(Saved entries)
=== Section Start ===
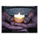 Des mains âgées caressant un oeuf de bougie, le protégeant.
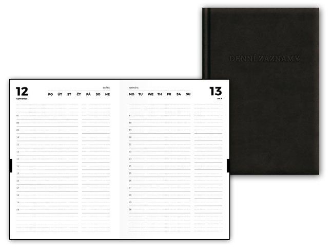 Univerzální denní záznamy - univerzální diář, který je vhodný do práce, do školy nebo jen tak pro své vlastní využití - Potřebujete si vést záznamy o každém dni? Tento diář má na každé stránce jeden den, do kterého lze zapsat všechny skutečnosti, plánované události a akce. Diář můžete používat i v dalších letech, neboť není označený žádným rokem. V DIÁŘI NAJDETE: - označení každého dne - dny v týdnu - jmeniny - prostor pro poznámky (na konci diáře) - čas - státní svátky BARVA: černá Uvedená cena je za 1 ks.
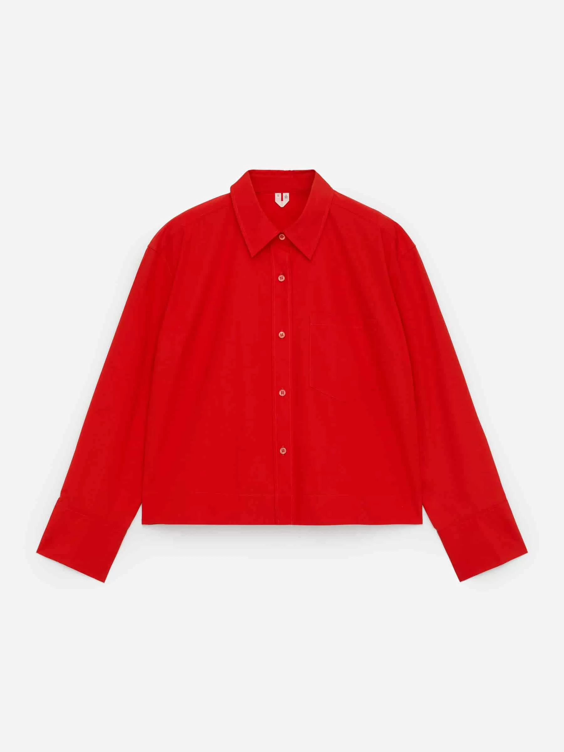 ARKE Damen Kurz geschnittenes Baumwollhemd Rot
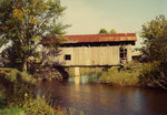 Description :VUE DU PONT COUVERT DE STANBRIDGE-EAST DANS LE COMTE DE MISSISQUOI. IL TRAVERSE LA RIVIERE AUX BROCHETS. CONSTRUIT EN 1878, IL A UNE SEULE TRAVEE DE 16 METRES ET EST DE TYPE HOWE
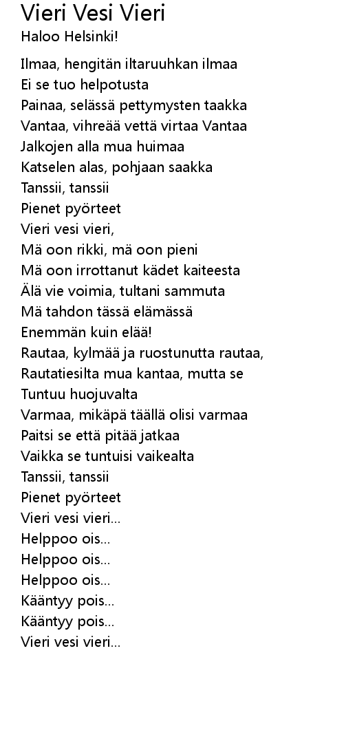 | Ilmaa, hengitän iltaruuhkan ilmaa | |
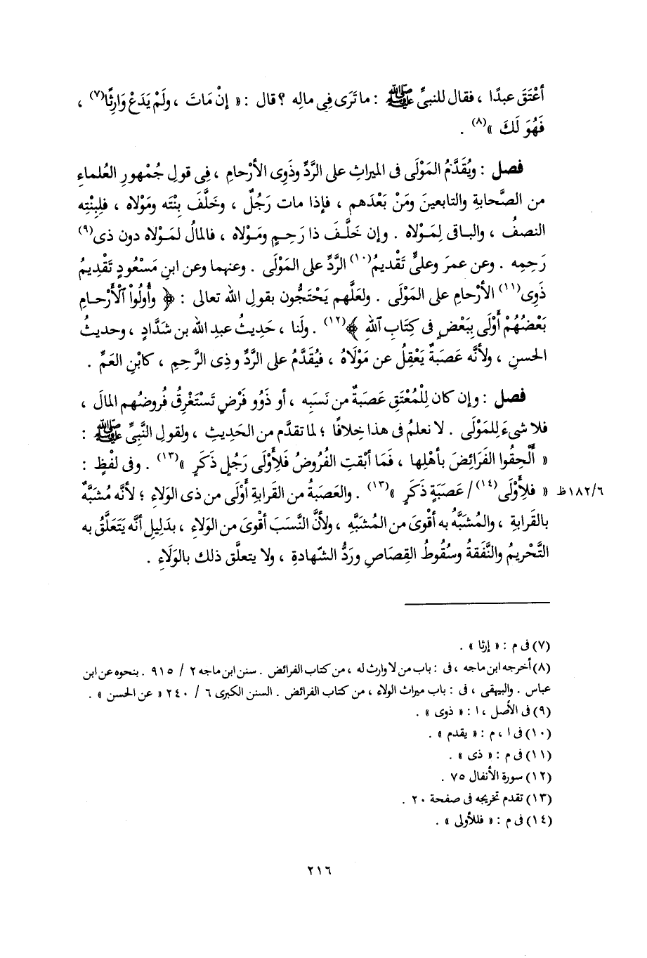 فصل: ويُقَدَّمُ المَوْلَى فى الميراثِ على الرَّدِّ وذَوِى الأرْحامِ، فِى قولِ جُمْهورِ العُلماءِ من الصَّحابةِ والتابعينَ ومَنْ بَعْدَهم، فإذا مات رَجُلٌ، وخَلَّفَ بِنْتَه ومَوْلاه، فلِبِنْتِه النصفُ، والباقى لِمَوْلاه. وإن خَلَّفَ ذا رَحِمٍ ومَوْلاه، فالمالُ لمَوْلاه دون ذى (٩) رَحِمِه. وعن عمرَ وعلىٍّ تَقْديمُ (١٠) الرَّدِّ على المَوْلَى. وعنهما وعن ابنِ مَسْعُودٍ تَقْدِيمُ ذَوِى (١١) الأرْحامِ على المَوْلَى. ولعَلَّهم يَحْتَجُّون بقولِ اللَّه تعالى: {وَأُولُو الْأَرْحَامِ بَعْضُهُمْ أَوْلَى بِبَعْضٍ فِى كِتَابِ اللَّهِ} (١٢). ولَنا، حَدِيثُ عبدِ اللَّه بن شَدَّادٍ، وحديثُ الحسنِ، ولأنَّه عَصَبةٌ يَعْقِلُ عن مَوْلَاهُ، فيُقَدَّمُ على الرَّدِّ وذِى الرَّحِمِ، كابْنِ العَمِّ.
=== Section End ===
- [DIRECTIONS]
Return every entry exactly, dropping the pictures.

- [ANSWER TO THIS PROBLEM]
 Des mains âgées caressant un oeuf de bougie, le protégeant.
 Univerzální denní záznamy - univerzální diář, který je vhodný do práce, do školy nebo jen tak pro své vlastní využití - Potřebujete si vést záznamy o každém dni? Tento diář má na každé stránce jeden den, do kterého lze zapsat všechny skutečnosti, plánované události a akce. Diář můžete používat i v dalších letech, neboť není označený žádným rokem. V DIÁŘI NAJDETE: - označení každého dne - dny v týdnu - jmeniny - prostor pro poznámky (na konci diáře) - čas - státní svátky BARVA: černá Uvedená cena je za 1 ks.
 ARKE Damen Kurz geschnittenes Baumwollhemd Rot
 Description :VUE DU PONT COUVERT DE STANBRIDGE-EAST DANS LE COMTE DE MISSISQUOI. IL TRAVERSE LA RIVIERE AUX BROCHETS. CONSTRUIT EN 1878, IL A UNE SEULE TRAVEE DE 16 METRES ET EST DE TYPE HOWE
 | Ilmaa, hengitän iltaruuhkan ilmaa | |
 فصل: ويُقَدَّمُ المَوْلَى فى الميراثِ على الرَّدِّ وذَوِى الأرْحامِ، فِى قولِ جُمْهورِ العُلماءِ من الصَّحابةِ والتابعينَ ومَنْ بَعْدَهم، فإذا مات رَجُلٌ، وخَلَّفَ بِنْتَه ومَوْلاه، فلِبِنْتِه النصفُ، والباقى لِمَوْلاه. وإن خَلَّفَ ذا رَحِمٍ ومَوْلاه، فالمالُ لمَوْلاه دون ذى (٩) رَحِمِه. وعن عمرَ وعلىٍّ تَقْديمُ (١٠) الرَّدِّ على المَوْلَى. وعنهما وعن ابنِ مَسْعُودٍ تَقْدِيمُ ذَوِى (١١) الأرْحامِ على المَوْلَى. ولعَلَّهم يَحْتَجُّون بقولِ اللَّه تعالى: {وَأُولُو الْأَرْحَامِ بَعْضُهُمْ أَوْلَى بِبَعْضٍ فِى كِتَابِ اللَّهِ} (١٢). ولَنا، حَدِيثُ عبدِ اللَّه بن شَدَّادٍ، وحديثُ الحسنِ، ولأنَّه عَصَبةٌ يَعْقِلُ عن مَوْلَاهُ، فيُقَدَّمُ على الرَّدِّ وذِى الرَّحِمِ، كابْنِ العَمِّ.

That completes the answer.